Saved entries:
^^^^^^^^
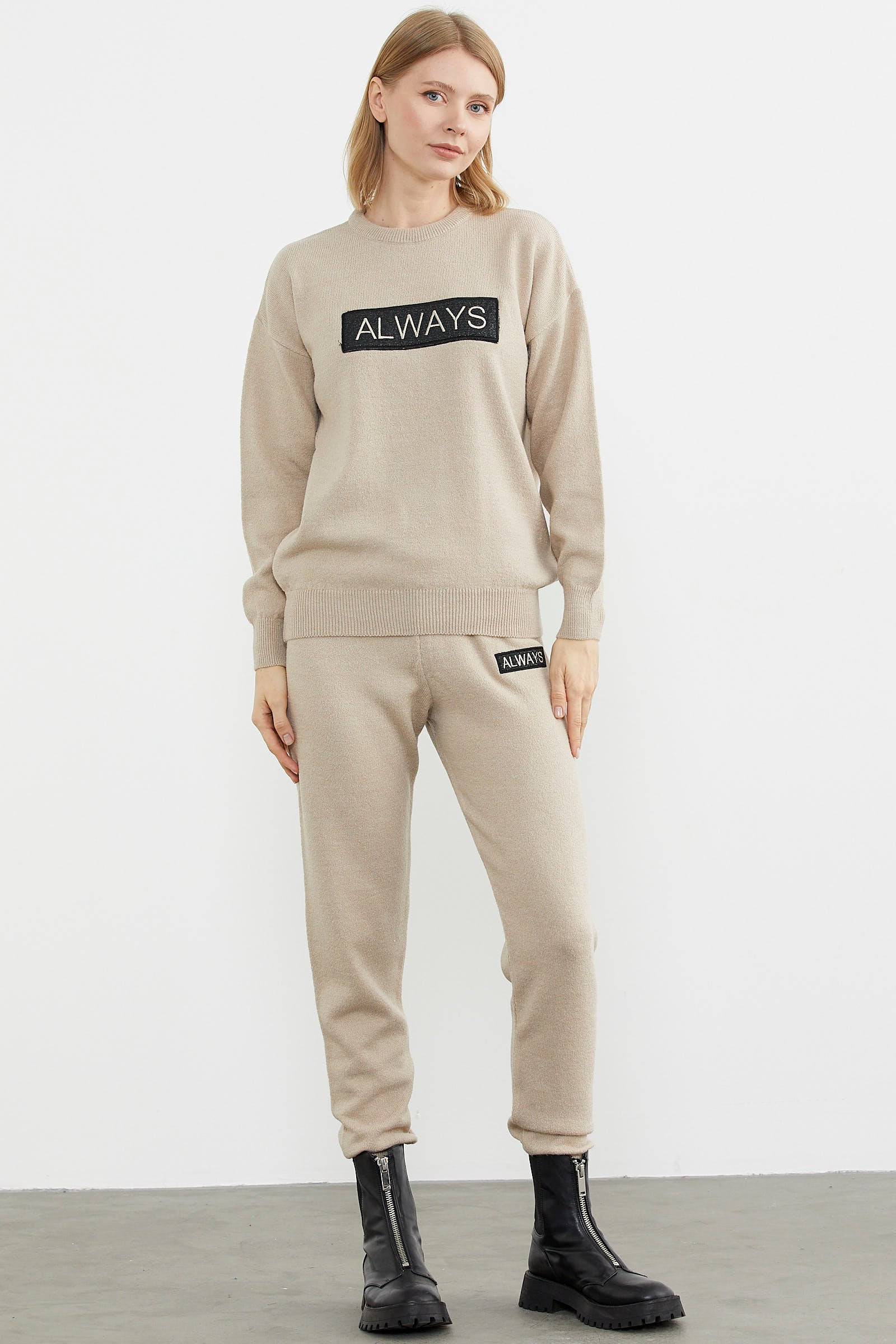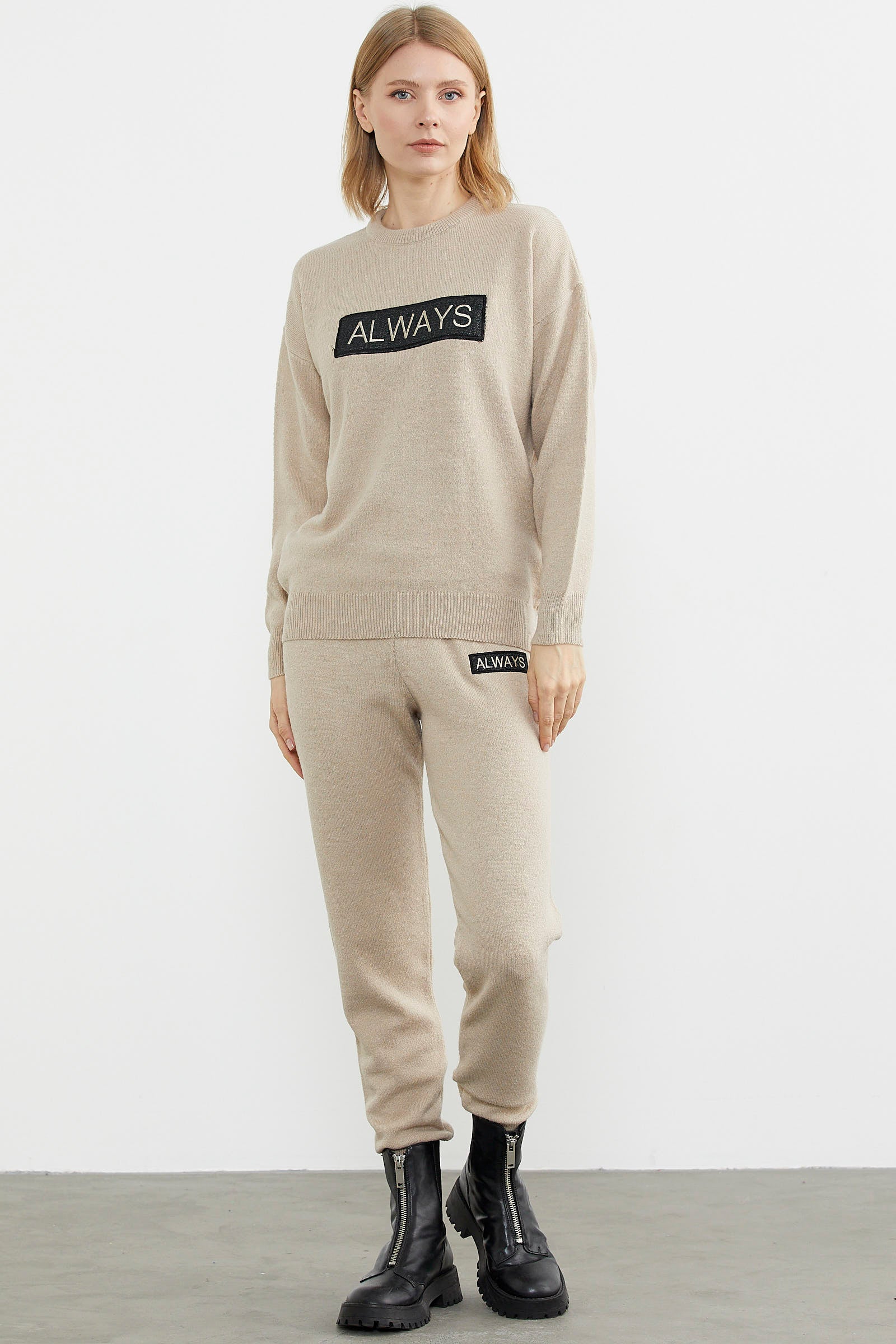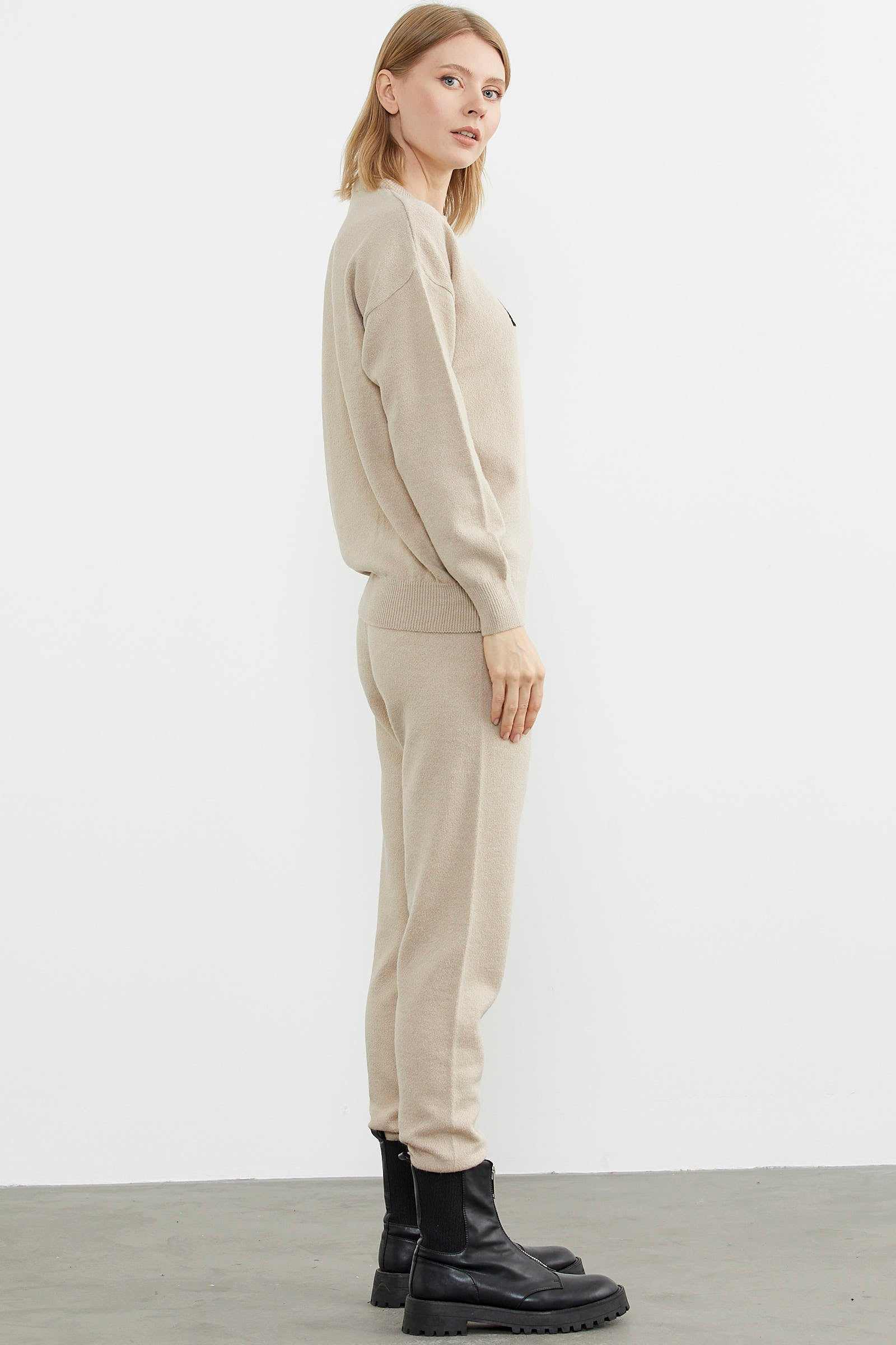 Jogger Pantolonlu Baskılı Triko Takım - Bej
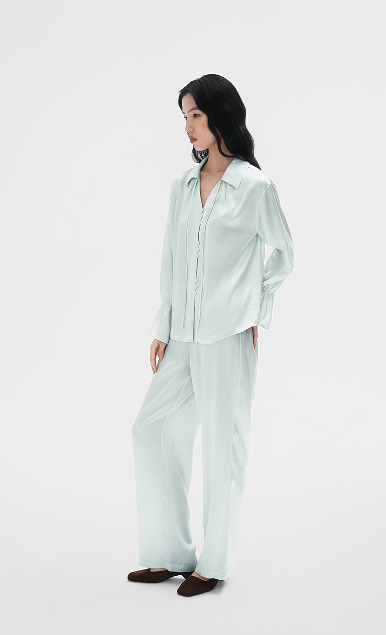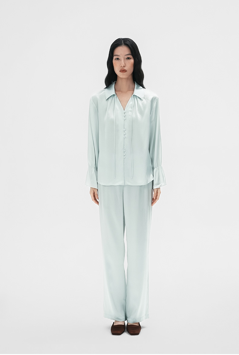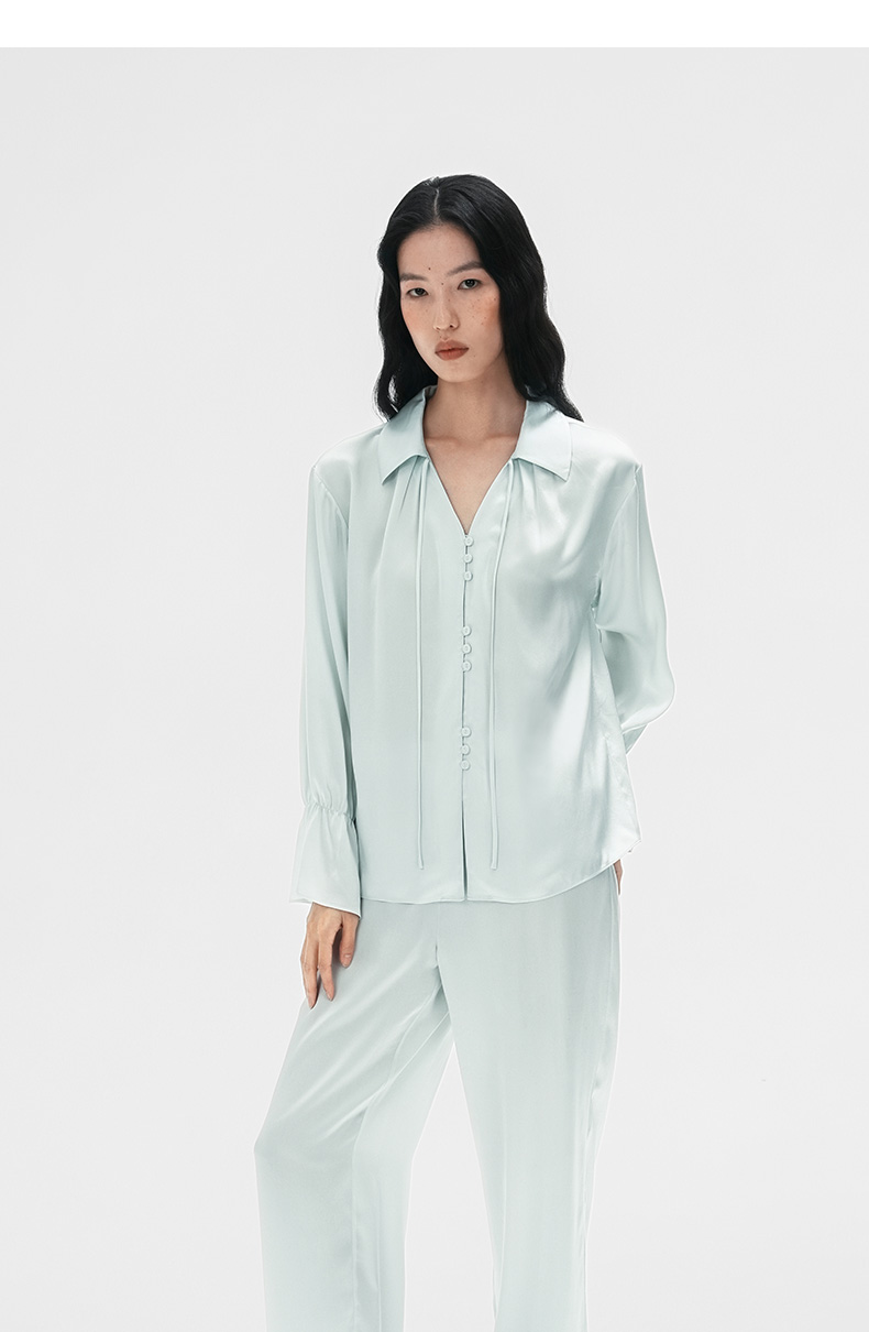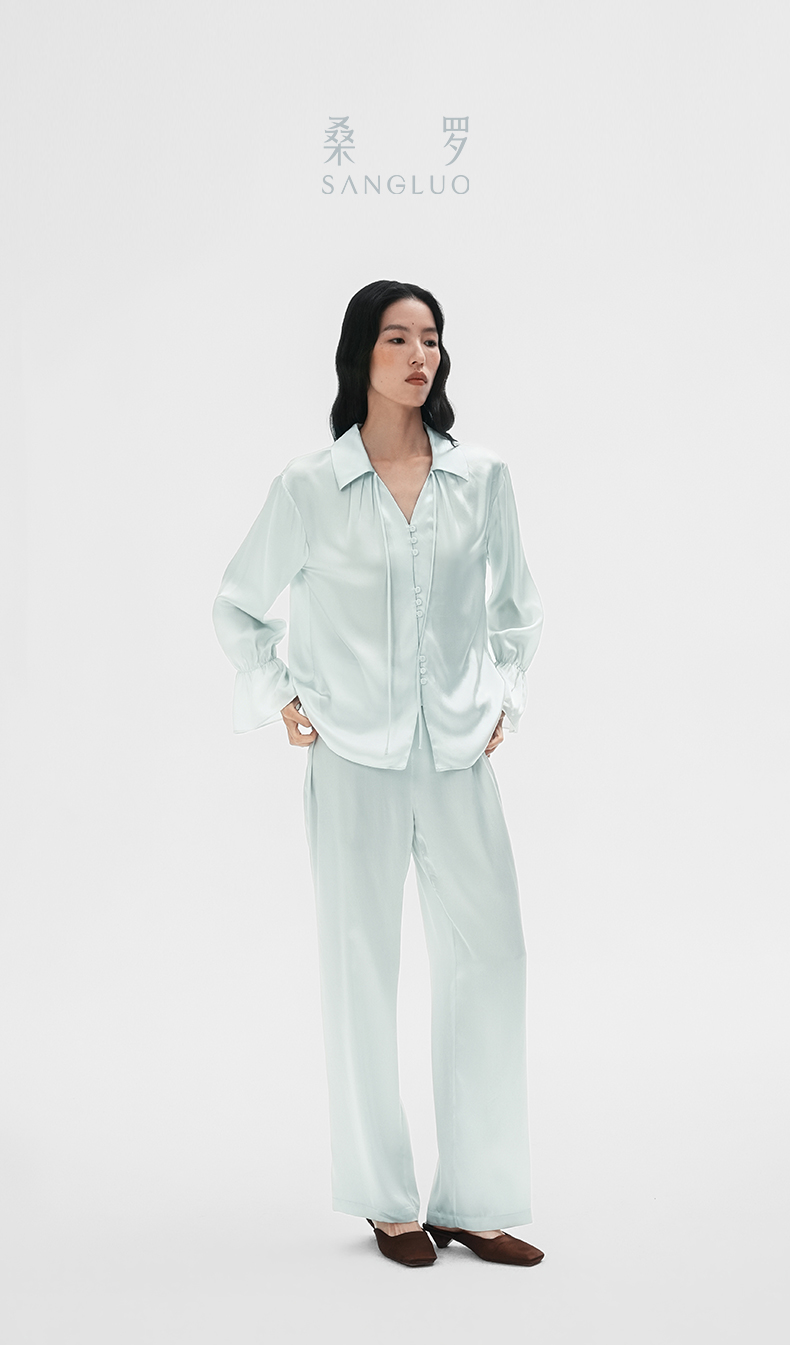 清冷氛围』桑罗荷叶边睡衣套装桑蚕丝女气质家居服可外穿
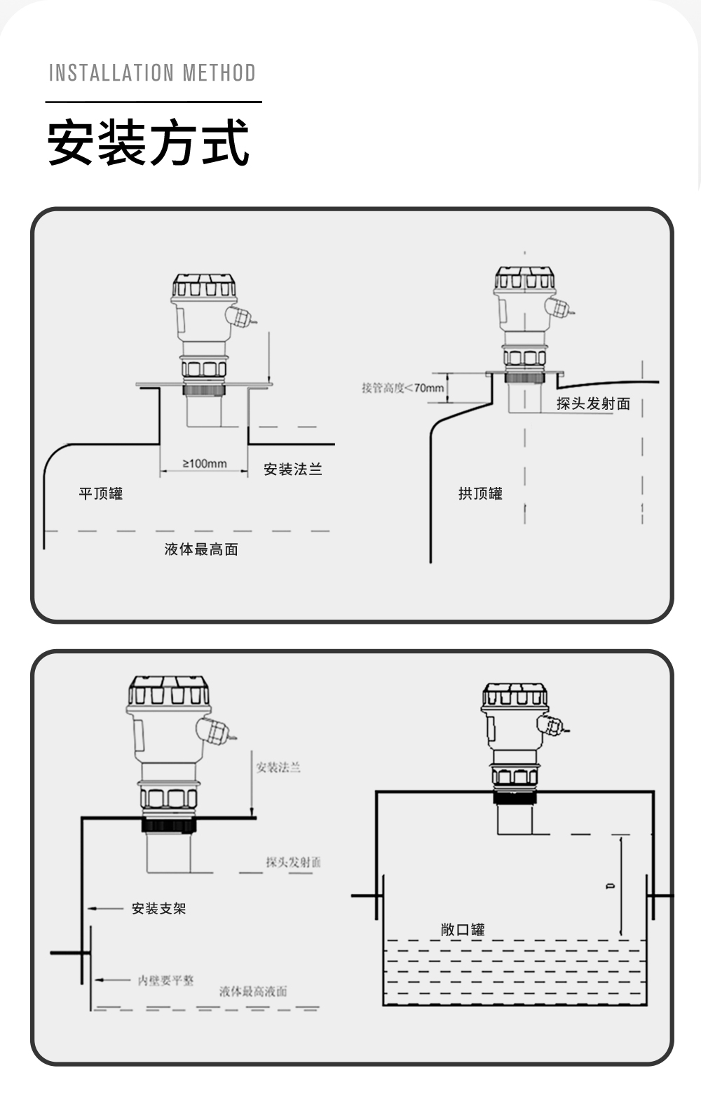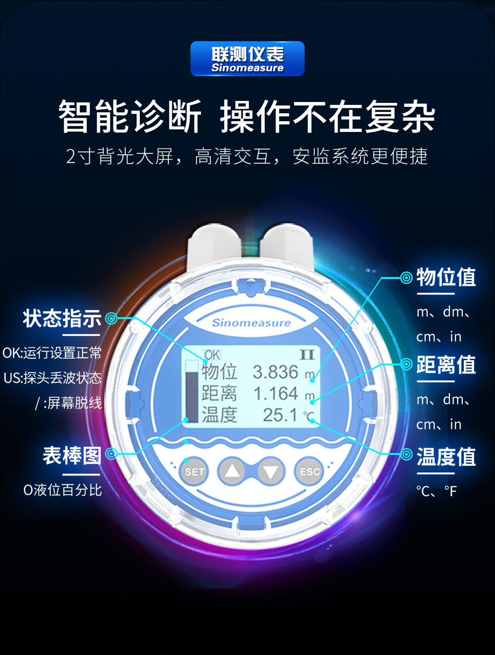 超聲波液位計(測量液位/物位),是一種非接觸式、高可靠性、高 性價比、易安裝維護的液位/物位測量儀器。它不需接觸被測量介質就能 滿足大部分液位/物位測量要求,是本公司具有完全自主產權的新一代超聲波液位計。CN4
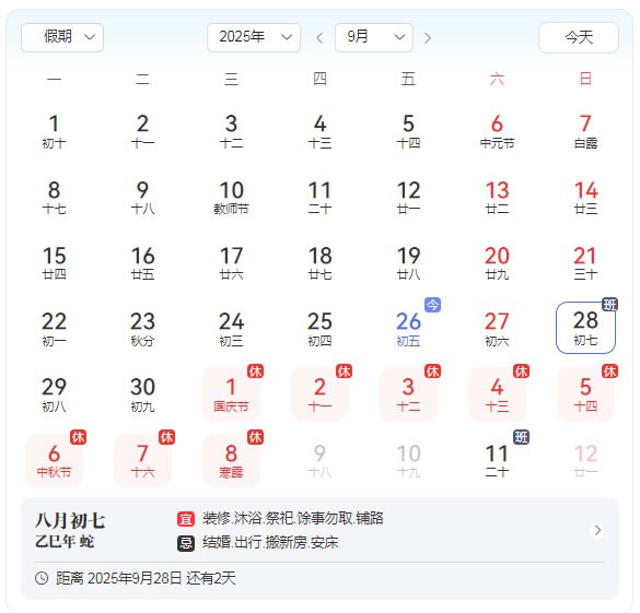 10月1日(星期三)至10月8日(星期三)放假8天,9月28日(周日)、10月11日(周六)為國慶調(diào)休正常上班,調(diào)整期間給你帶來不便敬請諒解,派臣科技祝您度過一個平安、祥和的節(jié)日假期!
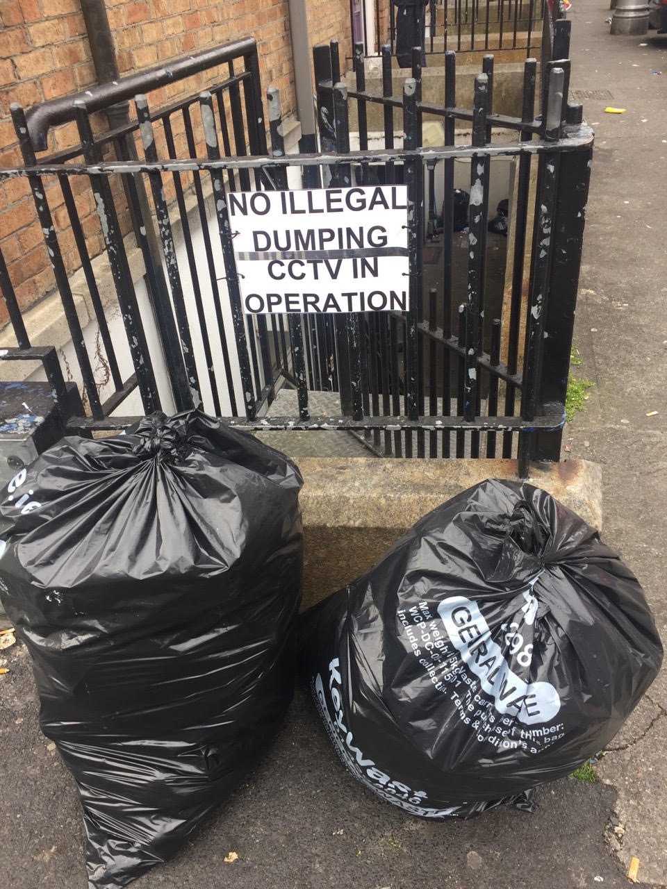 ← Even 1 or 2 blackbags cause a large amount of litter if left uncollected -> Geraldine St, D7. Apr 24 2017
^^^^^^^^
#### Work task
Your answer must consist solely of the lines from the one containing "清冷氛围』桑罗荷叶边睡衣套装桑蚕丝女气质家居服可外穿" through the last line of the records above, copied exactly, with every picture left out.

#### Result of this task
 清冷氛围』桑罗荷叶边睡衣套装桑蚕丝女气质家居服可外穿
 超聲波液位計(測量液位/物位),是一種非接觸式、高可靠性、高 性價比、易安裝維護的液位/物位測量儀器。它不需接觸被測量介質就能 滿足大部分液位/物位測量要求,是本公司具有完全自主產權的新一代超聲波液位計。CN4
 10月1日(星期三)至10月8日(星期三)放假8天,9月28日(周日)、10月11日(周六)為國慶調(diào)休正常上班,調(diào)整期間給你帶來不便敬請諒解,派臣科技祝您度過一個平安、祥和的節(jié)日假期!
 ← Even 1 or 2 blackbags cause a large amount of litter if left uncollected -> Geraldine St, D7. Apr 24 2017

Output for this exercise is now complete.